Operator: Good day and thank you for standing by. Welcome to the First Quarter 2023 Black Hills Corporation earnings Conference call. At this time, all participants are in a listen-only mode. After the speakers’ presentation, there will be a question-and-answer session. Please be advised that today’s conference is being recorded. I would now like to hand the conference over to your speaker today. Dave Soderquist, manager of Investor Relations.

Dave Soderquist: Thank you and good morning, everyone. Welcome to Black Hills Corporation’s First quarter 2023 Earnings Conference Call. You can find our earnings release and materials for this call on our website at www.blackhillscorp.com under the Investor Relations heading. leading our quarterly earnings discussions today are Linn Evans, president and Chief Executive Officer and Kimberly Nuni, Senior Vice President, Chief Financial Officer and Treasurer; also, in attendance today are Marne Jones, vice President of Electric Utilities and Todd Jacobs, Vice President of Growth and Strategy. Before we begin today, we would like to note that Black Hills will be attending the American Gas Association Financial Forum in the week of May 21st. Our leadership team will be meeting with investors at the conference and the investor presentation will be posted on our website prior to the conference.
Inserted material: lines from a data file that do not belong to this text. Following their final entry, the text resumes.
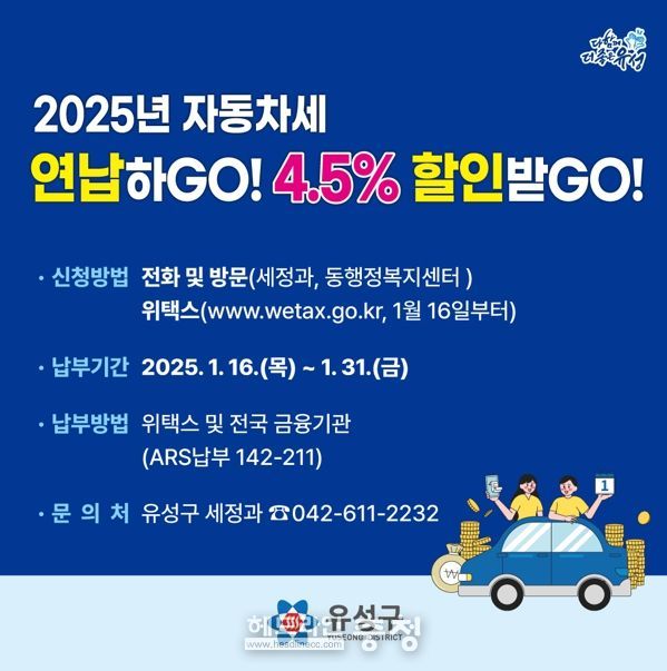 헤드라인충청 최병옥 기자 | 대전 유성구는 오는 16일부터 31일까지 1년 치 자동차세를 미리 납부하면 세액을 공제받을 수 있는 ‘자동차세 연납제도’를 운영한다고 밝혔다.
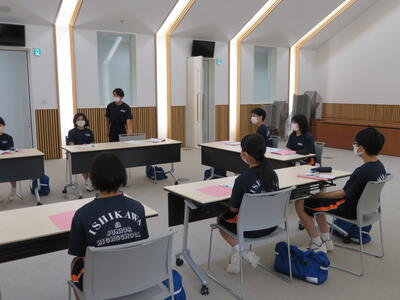 2年生は、5、6人班でそれぞれテーマを決め、石川町のことを調べてまとめます。例えば、「石川町の特産品はどのように使われているか」「石川町を有名にするには」「子育てしやすい町にするには」「防災に強い町にするには」「未来の石川町を考える」などです。インターネット等で調べ、インタビューの内容をもとにまとめ、テーマに迫ります。
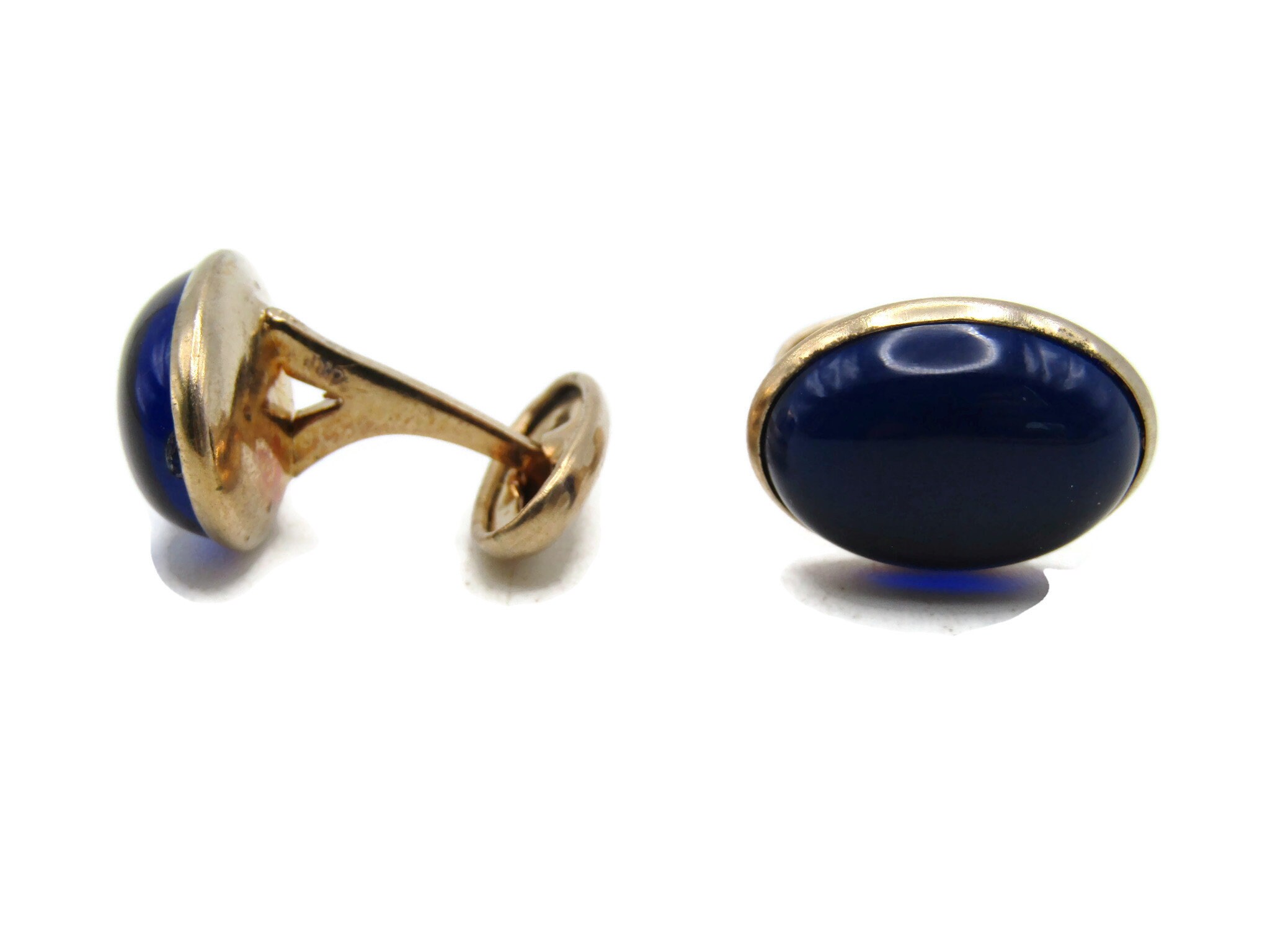 Blue Stone Inlay Cuff Links Gold Tone Men's Jewelry

During our earnings discussion today, some of the comments we make may contain forward-looking statements as defined by the Securities and Exchange Commission, and there are a number of uncertainties inherent in such comments. Although we believe that our expectations are based on reasonable assumptions, actual results may differ materially. We direct you to our earnings release, slide two of the investor presentation on our website and our most recent form 10-K and Form 10-Q filed with the SEC for a list of some of the factors that could cause future results to differ materially from our expectations. I will now turn the call over to Linn Evans.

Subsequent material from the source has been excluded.